A key principle of RAG is that it separates the LLM's emerging reasoning abilities (such as decision-making, planning, and problem detection) from the factual data it was trained on.

Since RAG is a general architecture, there are many ways to apply it, which explains its popularity. Some common use cases are:

  • Question Answering - This is the most obvious and best publicized use case for RAG out there. This could be a feature in a larger FAQ, user help base or knowledge app. RAG allows for multiple sources of information to be used to synthesize answers, including domain-specific data (e.g. proprietary information about clinical trials, or engineering documentation about a specific product) that might not have been part of the LLM's more general original training data.

  • Chatbot/Co-Pilot - Previous generations of chatbots were often rule-based and scripted. Adding RAG allows conversational interaction with your domain specific knowledge, including nuances of dialog context and history.

  • Enterprise Search - Traditionally this was done via keyword indexing approaches (e.g Elasticsearch). Now RAG brings more relevant results with semantic retrieval and ability to answer more complex queries by correlating several data sources.

  • Agent Knowledge - In agentic systems, individual agents perform tasks based on external environment knowledge. An agent responsible for booking airline tickets can now use RAG to pull data from external knowledge bases, such as the current reservations database or the latest policy documents store, and use this information to decide how to handle a particular request.

For a detailed real-world example of a RAG system in use, read about how LinkedIn created a RAG system with multiple agents using RAG to retrieve and synthesize information from various sources including real-time data from the LinkedIn and Bing APIs.

What is the architecture of a RAG system?

Here's a high-level architecture I created for a typical RAG system. Of course, there’s no such thing as a "typical RAG"—it can be much more complex and tailored to specific use cases. Nonetheless, this diagram serves a purpose, as the core phases and concepts shown below are what we consistently see across many production deployments.

It's likely if you're using a RAG architecture that some of your data will be in a vector DB. You're also considering how to connect it to an LLM. But you likely also have other data relating to your app that's not in a vector database and it may never need to be. This begs the question, how do you leverage RAG with the rest of your app, microservices or data? Considering the range of use cases above, how do you determine which data sources are relevant to a given request?

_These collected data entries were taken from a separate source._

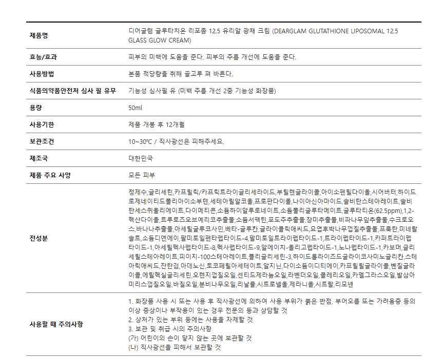 DEARGLAM Glutathione Liposomal 12.5 Glass Glow Cream 50ml
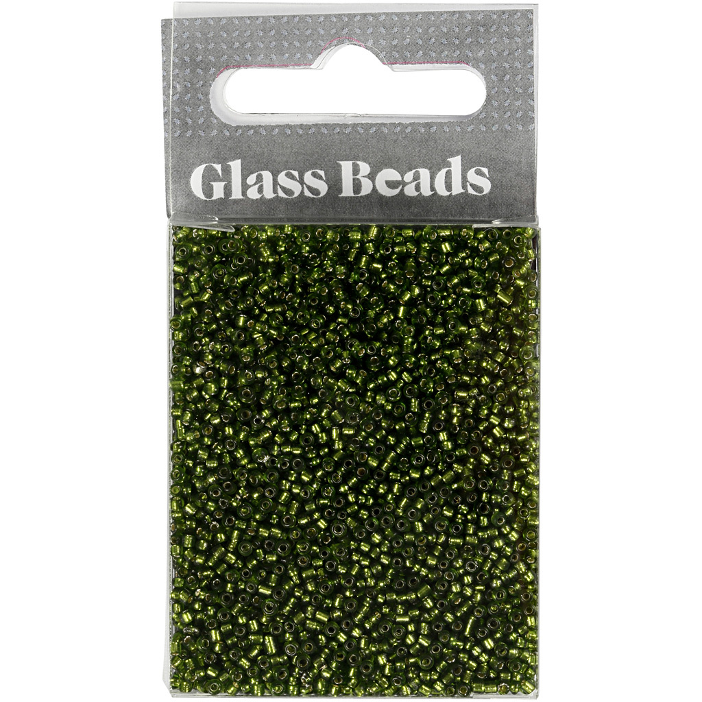Creativ Company Rocailles, d 1,7 mm, afm 15/0, gatgrootte 0,5-0,8 mm, gras groen, 25 gr/ 1 doos
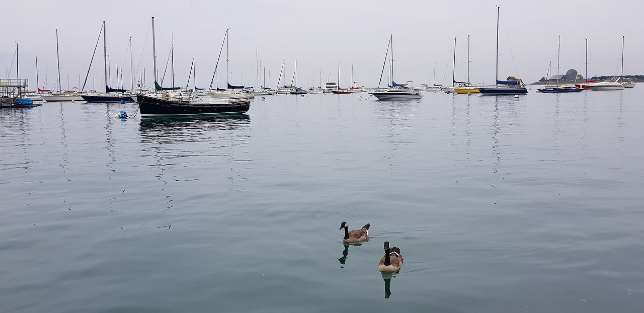 미시간 호수의 요트와 보트들
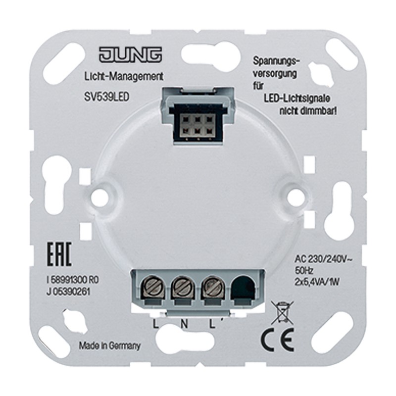 (Schraubbefestigung, ohne Befestigungskrallen) Das "Netzteil" dient ausschließlich zur Spannungsversorgung der LED-Lichtsignale (Art.-Nr. ..539..). Es ist nicht dimmbar. Nennspannung: AC 230 ... 240 V ~ Netzfrequenz: 50 Hz Umgebungstemperatur: 0 ... +40 °C Anschlüsse: L, N, L' Schutzklasse (bei montiertem Aufsatz): II Leistungsaufnahme (bei montiertem Aufsatz): typ. 2 x 5,4 VA / 2 x 1,0 W Anschluss Schraubklemmen Max. klemmbarer Leiterquerschnitt: 2 x 2,5 mm2 oder 1 x 4 mm2- Hersteller-Artikelnummer (MPN)
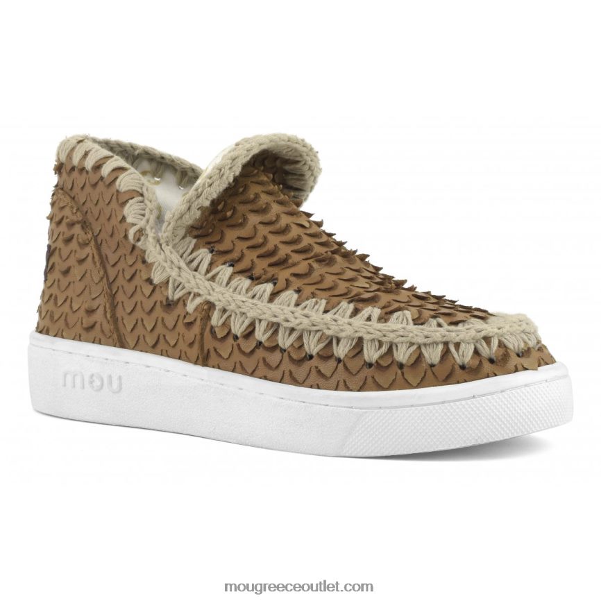 γρ Mou γυναίκες δερμάτινο καλοκαιρινό sneaker eskimo δέρμα με λέπια/κοψίματα κονιάκ 4820DN17

Questions like this are why intent detection and routing has now become a key component of many RAG systems. The diagram above shows that there are three core phrases of RAG:

  1. Intent Detection + Routing - Identifying which data sources or microservices are needed to fulfill an incoming request — this is your RAG entry point.

  2. Retrieval - Finding relevant data from one or more of the identified data sources.

  3. Generation - Synthesizing the initial intent or goal (autonomous systems often have requests without user input) into a result using retrieved data.

Each of these three phases is backed by a model that you need to compose specifically for that purpose, and problems with any of these phases will translate into downstream failures. That's why it's important to evaluate each phase of your RAG separately.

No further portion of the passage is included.